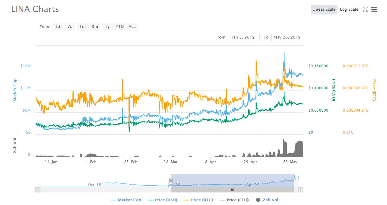 Với các nỗ lực đó, LINA đã được cộng đồng ghi nhận thông qua các chỉ số volume giao dịch và giá LINA token tăng dần đều lên tới 300% trong 5 tháng đầu năm 2019.
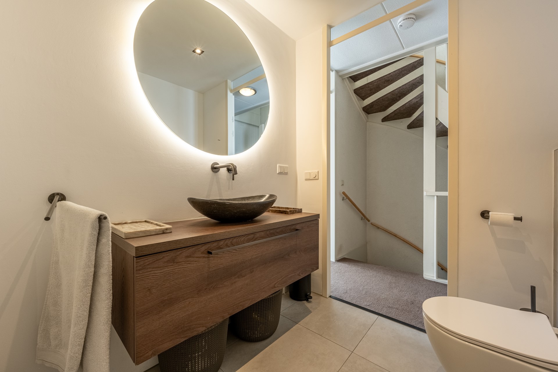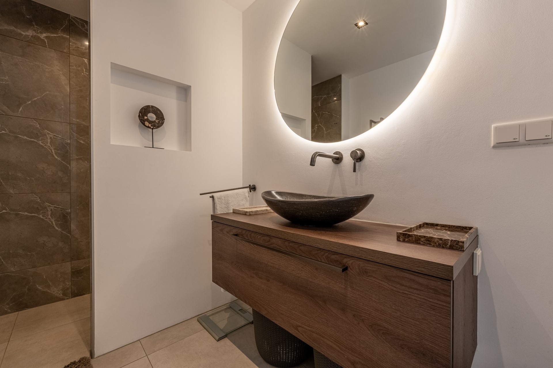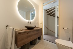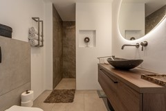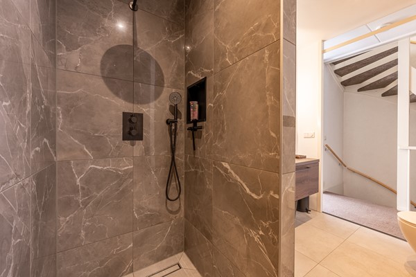 De moderne badkamer straalt luxe uit en is voorzien van een ruime inloopdouche, een stijlvol wastafelmeubel met spiegel, een tweede toilet en hoogwaardige betegeling. Alles is tot in de puntjes afgewerkt, hier geniet je dagelijks van comfort en rust.
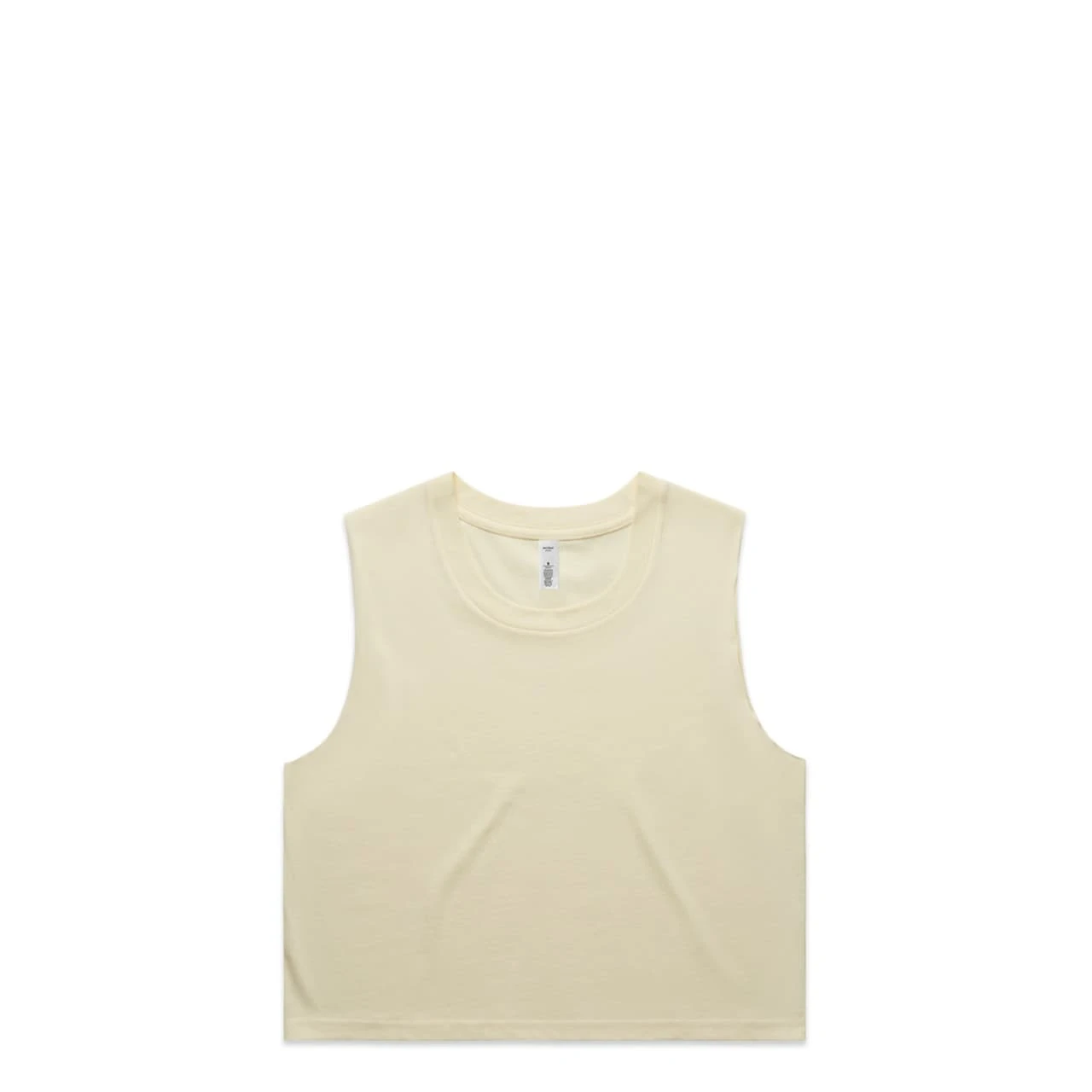 Short body, sleeveless tank, raw armhole edges, neck ribbing, double needle hems, side seamed, preshrunk to minimise shrinkage
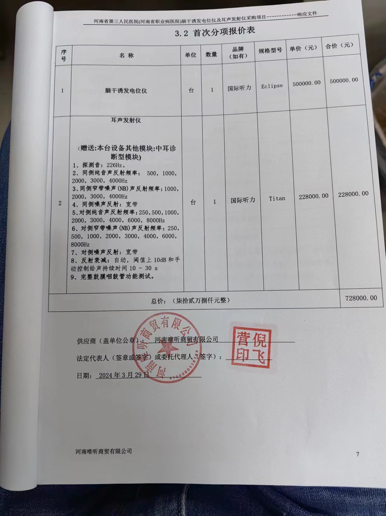 河南省第三人民醫(yī)院(河南省職業(yè)病醫(yī)院)腦干誘發(fā)電位儀及耳聲發(fā)射儀采購(gòu)項(xiàng)目 | 河南唯聽商貿(mào)有限公司 | 安陽(yáng)市北關(guān)區(qū)解放路鴻泰公寓1幢大樓中間辦公樓一樓大門東側(cè) | 723000.00 | 金額 | 元 | ||||
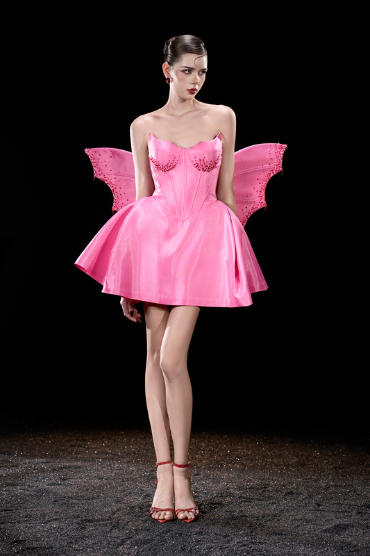 Robe mini à buste corset Fae « Petite Maléfique » ornée de cristaux
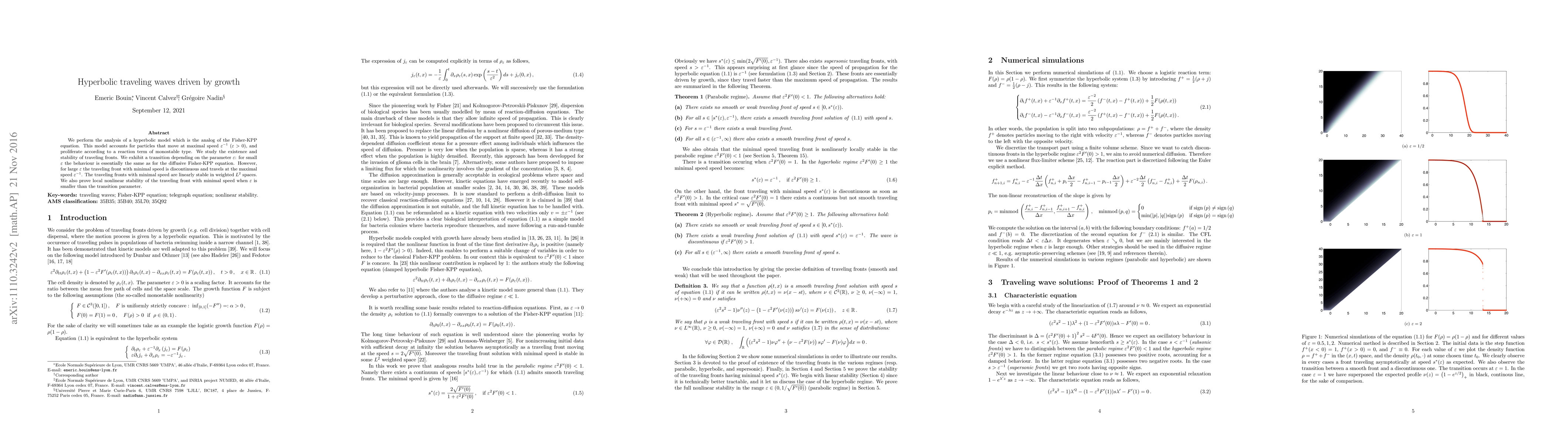 We perform the analysis of a hyperbolic model which is the analog of the Fisher-KPP equation. This model accounts for particles that move at maximal speed $\epsilon^{-1}$ ($\epsilon\textgreater{}0$), and proliferate according to a reaction term of monostable type. We study the existence and stability of traveling fronts. We exhibit a transition depending on the parameter $\epsilon$: for small $\epsilon$ the behaviour is essentially the same as for the diffusive Fisher-KPP equation. However, for large $\epsilon$ the traveling front with minimal speed is discontinuous and travels at the maximal speed $\epsilon^{-1}$. The traveling fronts with minimal speed are linearly stable in weighted $L^2$ spaces. We also prove local nonlinear stability of the traveling front with minimal speed when $\epsilon$ is smaller than the transition parameter.

WHAT YOU WILL DO: Give back the data exactly. Pictures stay out.

RESPONSE AREA:
 Với các nỗ lực đó, LINA đã được cộng đồng ghi nhận thông qua các chỉ số volume giao dịch và giá LINA token tăng dần đều lên tới 300% trong 5 tháng đầu năm 2019.
 De moderne badkamer straalt luxe uit en is voorzien van een ruime inloopdouche, een stijlvol wastafelmeubel met spiegel, een tweede toilet en hoogwaardige betegeling. Alles is tot in de puntjes afgewerkt, hier geniet je dagelijks van comfort en rust.
 Short body, sleeveless tank, raw armhole edges, neck ribbing, double needle hems, side seamed, preshrunk to minimise shrinkage
 河南省第三人民醫(yī)院(河南省職業(yè)病醫(yī)院)腦干誘發(fā)電位儀及耳聲發(fā)射儀采購(gòu)項(xiàng)目 | 河南唯聽商貿(mào)有限公司 | 安陽(yáng)市北關(guān)區(qū)解放路鴻泰公寓1幢大樓中間辦公樓一樓大門東側(cè) | 723000.00 | 金額 | 元 | ||||
 Robe mini à buste corset Fae « Petite Maléfique » ornée de cristaux
 We perform the analysis of a hyperbolic model which is the analog of the Fisher-KPP equation. This model accounts for particles that move at maximal speed $\epsilon^{-1}$ ($\epsilon\textgreater{}0$), and proliferate according to a reaction term of monostable type. We study the existence and stability of traveling fronts. We exhibit a transition depending on the parameter $\epsilon$: for small $\epsilon$ the behaviour is essentially the same as for the diffusive Fisher-KPP equation. However, for large $\epsilon$ the traveling front with minimal speed is discontinuous and travels at the maximal speed $\epsilon^{-1}$. The traveling fronts with minimal speed are linearly stable in weighted $L^2$ spaces. We also prove local nonlinear stability of the traveling front with minimal speed when $\epsilon$ is smaller than the transition parameter.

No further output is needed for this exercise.